# Favourite recording of each Beethoven piano concerto



## tempo (Nov 8, 2012)

I'm enjoying the Brahms thread, so what's your favourite recording of each of Beethoven's piano concertos?


----------



## DiesIraeCX (Jul 21, 2014)

I like my recording of Fleisher/Szell (Cleveland) so much that it's ruined me for other performances. For instance, the Kempff/Leitner (Berlin) performance of the 4th was a big disappointment.

The other recording I have is of Perahia with Haitink. Not the greatest, but still good performances nonetheless. I don't think of Perahia as a great Beethoven interpreter (like he is for Mozart)

*Great Recording* (Fleisher, Szell)









*Good Recording* (Perahia, Haitink)









*Bad 4th - Good 5th (I sort of regret buying this)* (Kempff, Leitner)


----------



## Mandryka (Feb 22, 2013)

tempo said:


> I'm enjoying the Brahms thread, so what's your favourite recording of each of Beethoven's piano concertos?
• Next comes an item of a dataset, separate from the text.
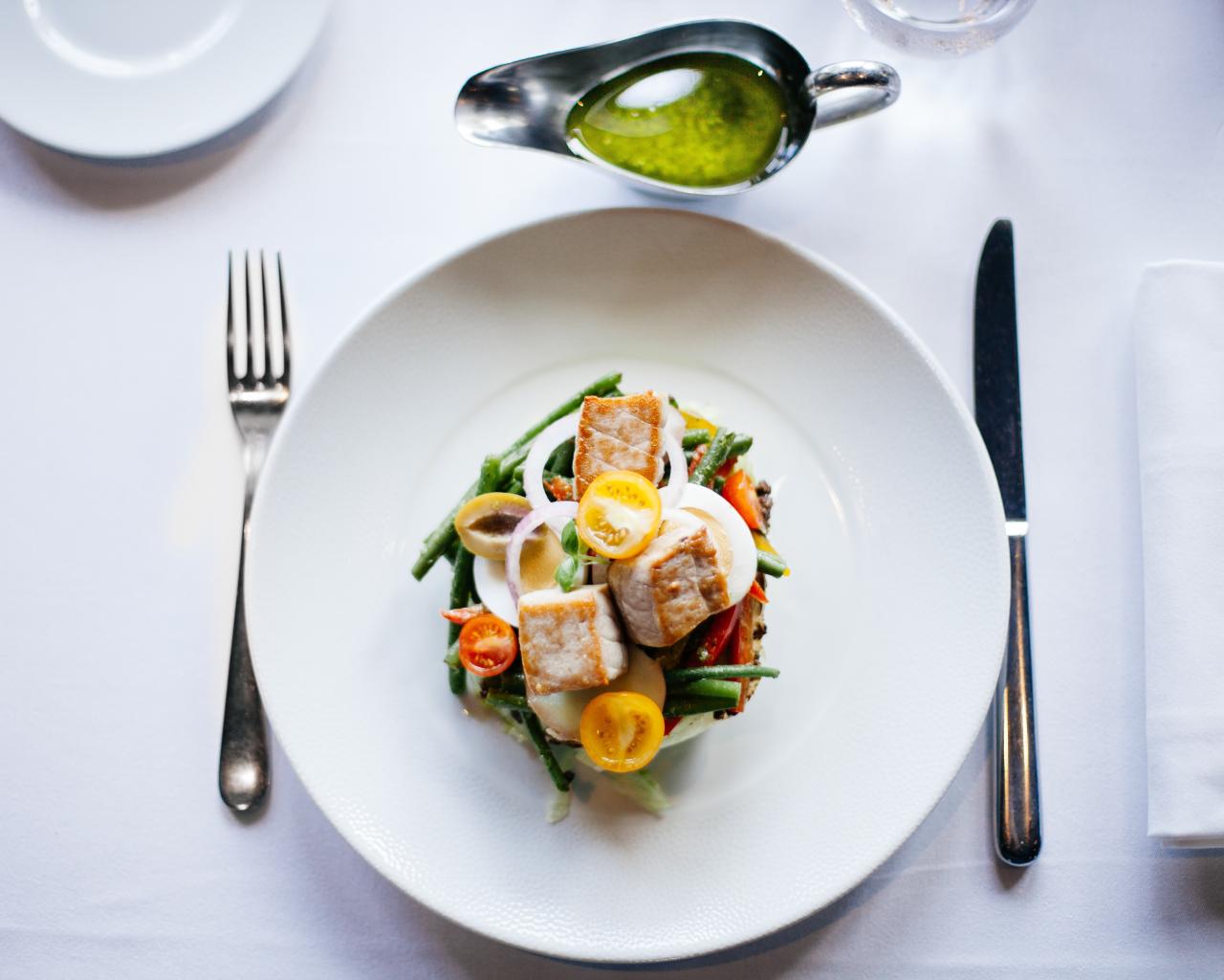 Wallpaper Chicken fillet salad with vegetables on a white plate

With something like the 4th, there are too many to pick a favourite. But I would say anyone seriously interested in it should hear Fou Ts'Ong, and Rubinstein with Mitropoulos. Gould with Karajan is also a bit special, as is Serkin with Toscanini and one of the Josef Hoffmann recordings (can't remember which)
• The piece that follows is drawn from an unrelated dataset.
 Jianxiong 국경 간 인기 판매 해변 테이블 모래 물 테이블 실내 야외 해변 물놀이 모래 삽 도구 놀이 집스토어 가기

With the third I have a clear favourite - the live one with Gulda and Rossi. In the past I remember really being impressed by one of the Eduard Erdmann recordings - I can't remember which one. For the slow movement, essential to hear Kapell.

With the 1st I'm hard put to choose between Schoonderwoerd and Harnoncourt/Aimard.
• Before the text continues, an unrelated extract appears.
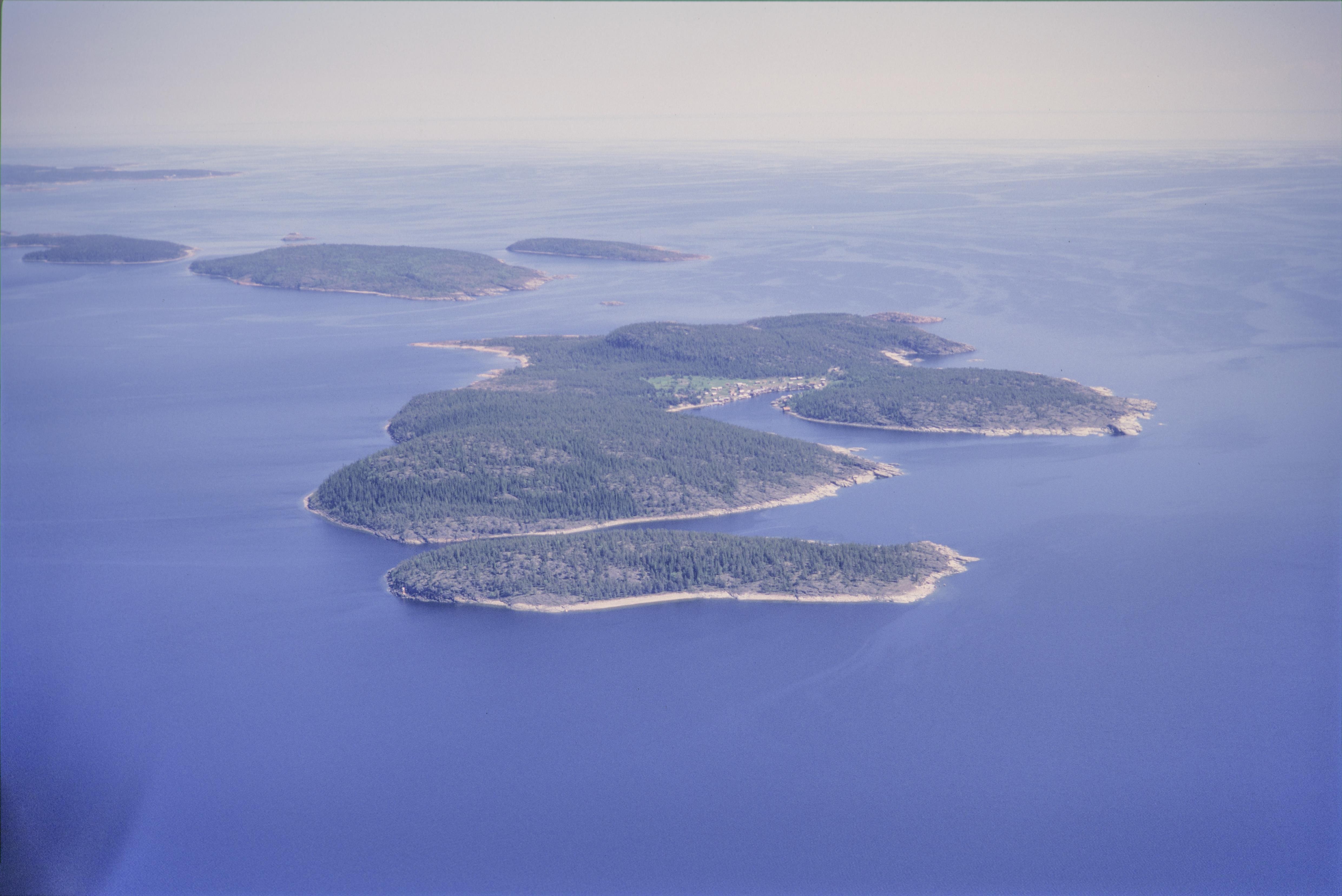 Beskrivning: Höga kustens världsarvsområde. Öar i naturreservatet Trysunda öster om Nätrafjärden. Trysundaholmen (under bildens mitt) vid huvudön Trysunda (i bildens mitt). Uppe till vänster fartygslämning RAÄnr Nätra 373 vid öarna Klösan och Ällön. I bildens mitt Trysunda fiskeläge med kapell på ön Trysunda. Bilden är tagen mot (väderstreck): Ö

I don't like the others very much.


----------



## Albert7 (Nov 16, 2014)

For me easily the complete cycle as recorded by Glenn Gould with Helene Grimaud a close second on her version of the Emperor Concerto which I heard pretty well .

I don't think that Argerich did a complete cycle for Beethoven concerti however.


----------



## hpowders (Dec 23, 2013)

The Fleisher/Szell/Cleveland set has great performances of all 5 concertos. It's all I need.


----------



## Haydn man (Jan 25, 2014)

Here are my personal favourites


----------



## BillT (Nov 3, 2013)

hpowders said:


> The Fleisher/Szell/Cleveland set has great performances of all 5 concertos. It's all I need.


That's illogical.


----------



## Vaneyes (May 11, 2010)

1 & 3, w. ABM (DG Originals).
2, w. Argerich (EMI).
4, w. Fleisher (Sony).
5, w. Gelber (EMI Encore).


----------



## hpowders (Dec 23, 2013)

BillT said:


> That's illogical.


Like, how so? fabulous in all 5.


----------



## JACE (Jul 18, 2014)

I'd probably go with:

*PCs 1 - 4: Alfred Brendel, Bernard Haitink, London PO*







They're also in this set:









*PC 5: Leon Fleisher, George Szell, Cleveland O*









I recently acquired the _*Rudolf Serkin Plays Beethoven*_ set. His PCs with Ormandy & Bernstein are terrific. But I haven't heard them enough to call them favorites (yet).


----------



## Albert7 (Nov 16, 2014)

Nice I need to check out the Fleisher cycle. Again too bad Argerich hasn't recording all of them in a cycle yet.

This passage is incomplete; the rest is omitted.